# How to complete this task
Retype only the lines from the top of the records to the line with "Изюминка выставки - легендарный", including that line but none of the pictures.
═════ Data to use
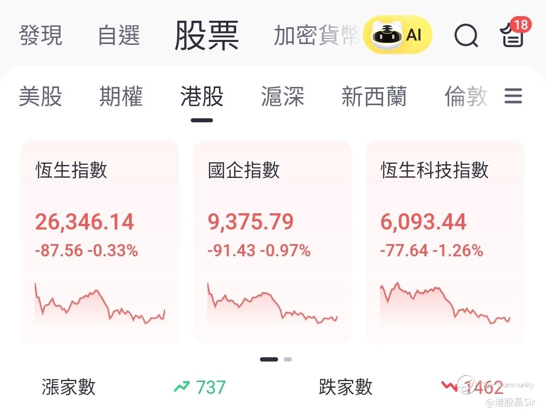 于美股开市首一个半小时,香港时间截至晚上11:00,夜期$恒生指数主连 2302(HSImain)$ 一度高见26,470点 (晚上10:32),上升115点,当时美股道指$道琼斯(.DJI)$ 升近275点。之后随著美股升幅收窄,夜期也跟随,不过实则在晚上11:00,道指仍升近230点,夜期却一直没有冲高至26,500点之上。
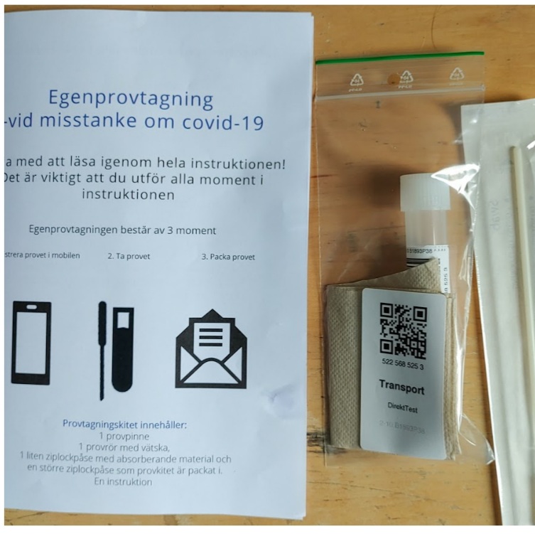Selang beberapa hari, tepatnya pada hari Senin tanggal 6 Juli di pagi hari jam 9:30 tiba-tiba saya mendapat telepon. Ternyata beliau adalah bapak supir taksi yang membawa perlengkapan tes. Saya turun ke bawah untuk mengambil perlengkapan tersebut dan si bapak taksi menunggu disitu sampai saya selesai mengambil sampel diri saya sendiri di kamar. Perlengkapan tes tersebut bisa dilihat di gambar di bawah. Untuk membimbing prosesnya, ada buku petunjuk, tapi tentu saja pakai bahasa Swedia. Google Translate memang menjadi aplikasi wajib untuk pendatang di Swedia. Sampel ini dilengkapi oleh barcode yang harus saya scan dan nanti akan terhubung dengan akun saya di website ketika mendaftar, sehingga tidak akan tertukar dengan sampel orang lain. Untuk tes ini saya tidak disuruh memasukan alat yang mirip korek kuping, hanya ukurannya lebih panjang, ke dalam hidung, tapi cukup untuk mengorek tenggorokan bagian paling belakang. Saya kira lebih mudah, tapi ternyata sama aja tidak enak. Berkali-kali muncul perasaan ingin muntah. Setelah tes selesai, saya berikan lagi sampelnya kepada si bapak kurir.
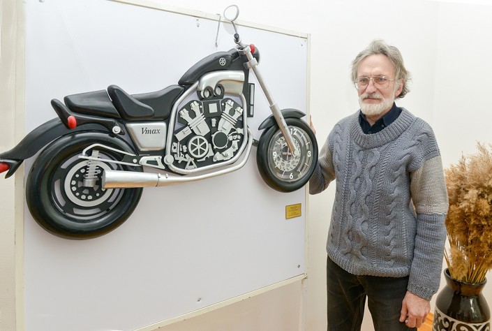 Изюминка выставки - легендарный мотоцикл "Харли Дэвидсон", давно ставший символом байк-движения. Транспортное средство сделано вручную. Автор согласился выставить его на условиях анонимности. Также в музее-заповеднике экспонируются работы, выполненные в технике лазерной резки фанеры.
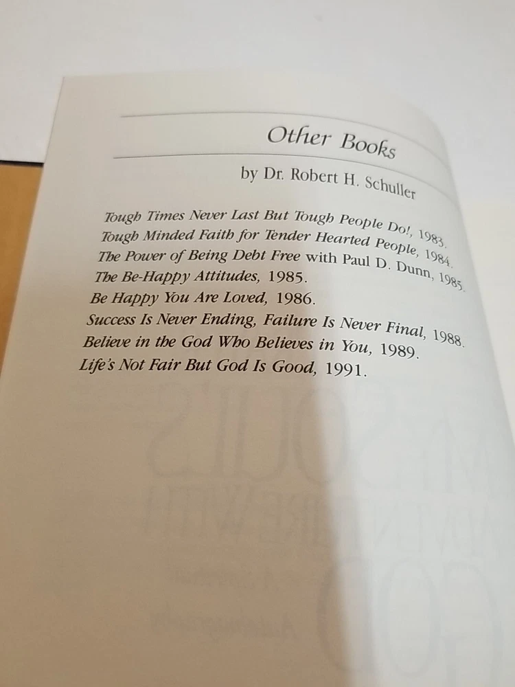 This rare collector's edition hardcover book titled "Prayer: My Soul's Adventure with God" by Robert H. Schuller is a spiritual autobiography that shares the author's personal journey with Christianity and prayer. This book is signed by Robert H. Schuller himself and features a beautiful leather-bound cover. The book is in excellent condition and has been well-maintained over the years. It contains 234 pages of inspiring stories and insights about the power of prayer. The narrative type of this nonfiction book is both insightful and engaging, making it a must-read for anyone seeking a deeper understanding of their own spiritual journey.
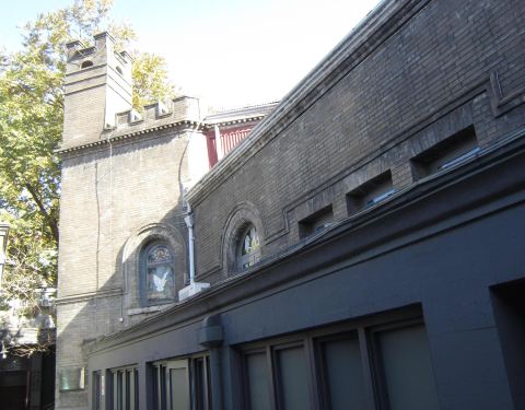 位于崇文门东北侧,在一胡同内,非常清静的地方,老建筑,举办教学和慈善活动。
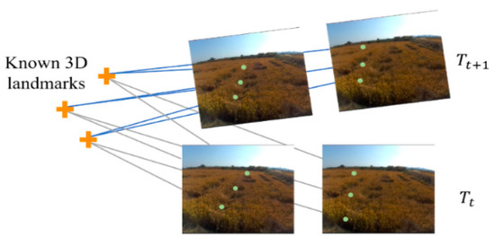 3D–2D correspondence; the crosses denote a sparse set of landmarks, the green dots represent their corresponding 2D projections in the image. and denote the pose at time t and t+1, respectively.
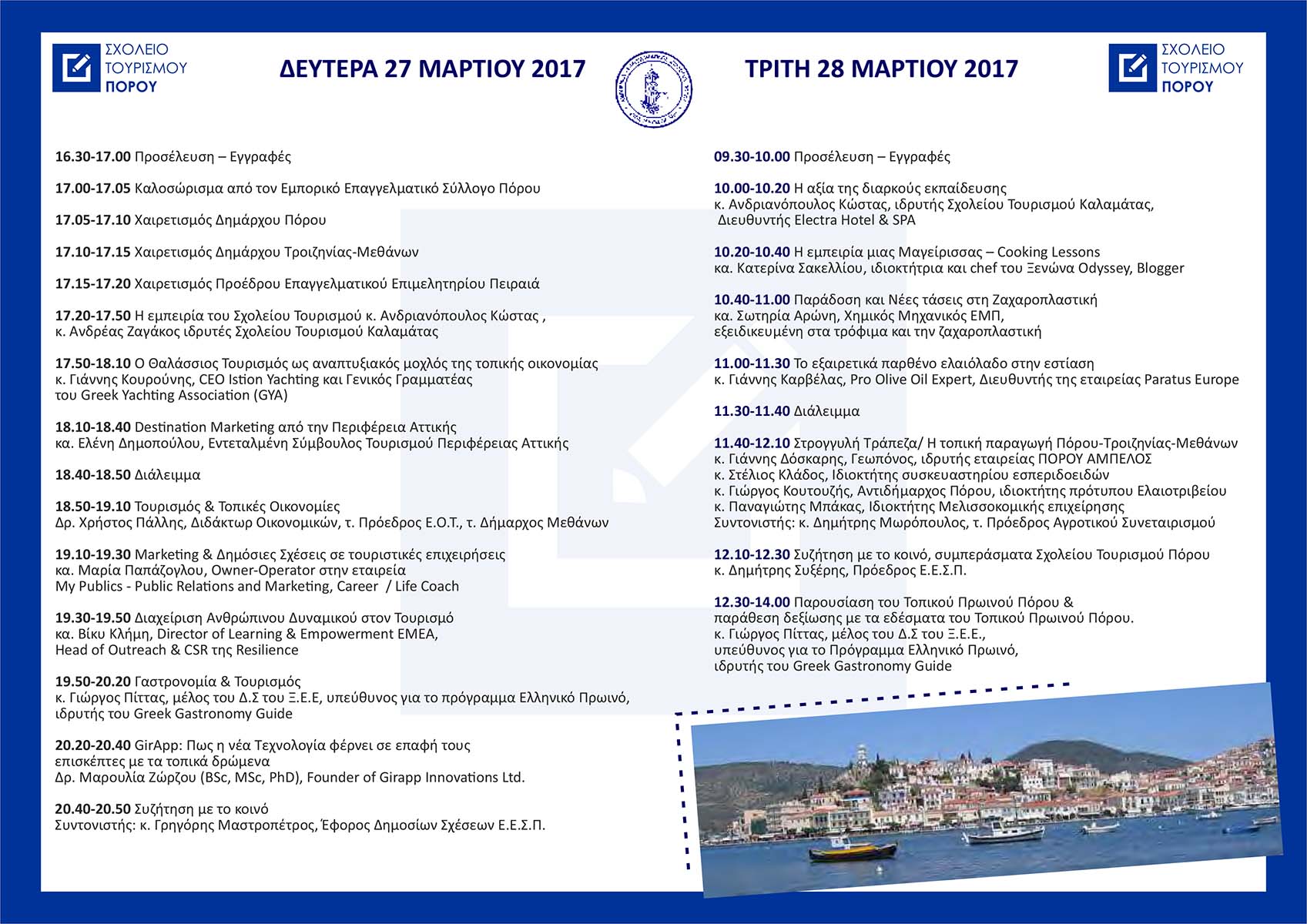 Έντυπο Προγράμματος Σχολείου Τουρισμού Πόρου (2017)
══════════
# Your response
 于美股开市首一个半小时,香港时间截至晚上11:00,夜期$恒生指数主连 2302(HSImain)$ 一度高见26,470点 (晚上10:32),上升115点,当时美股道指$道琼斯(.DJI)$ 升近275点。之后随著美股升幅收窄,夜期也跟随,不过实则在晚上11:00,道指仍升近230点,夜期却一直没有冲高至26,500点之上。
Selang beberapa hari, tepatnya pada hari Senin tanggal 6 Juli di pagi hari jam 9:30 tiba-tiba saya mendapat telepon. Ternyata beliau adalah bapak supir taksi yang membawa perlengkapan tes. Saya turun ke bawah untuk mengambil perlengkapan tersebut dan si bapak taksi menunggu disitu sampai saya selesai mengambil sampel diri saya sendiri di kamar. Perlengkapan tes tersebut bisa dilihat di gambar di bawah. Untuk membimbing prosesnya, ada buku petunjuk, tapi tentu saja pakai bahasa Swedia. Google Translate memang menjadi aplikasi wajib untuk pendatang di Swedia. Sampel ini dilengkapi oleh barcode yang harus saya scan dan nanti akan terhubung dengan akun saya di website ketika mendaftar, sehingga tidak akan tertukar dengan sampel orang lain. Untuk tes ini saya tidak disuruh memasukan alat yang mirip korek kuping, hanya ukurannya lebih panjang, ke dalam hidung, tapi cukup untuk mengorek tenggorokan bagian paling belakang. Saya kira lebih mudah, tapi ternyata sama aja tidak enak. Berkali-kali muncul perasaan ingin muntah. Setelah tes selesai, saya berikan lagi sampelnya kepada si bapak kurir.
 Изюминка выставки - легендарный мотоцикл "Харли Дэвидсон", давно ставший символом байк-движения. Транспортное средство сделано вручную. Автор согласился выставить его на условиях анонимности. Также в музее-заповеднике экспонируются работы, выполненные в технике лазерной резки фанеры.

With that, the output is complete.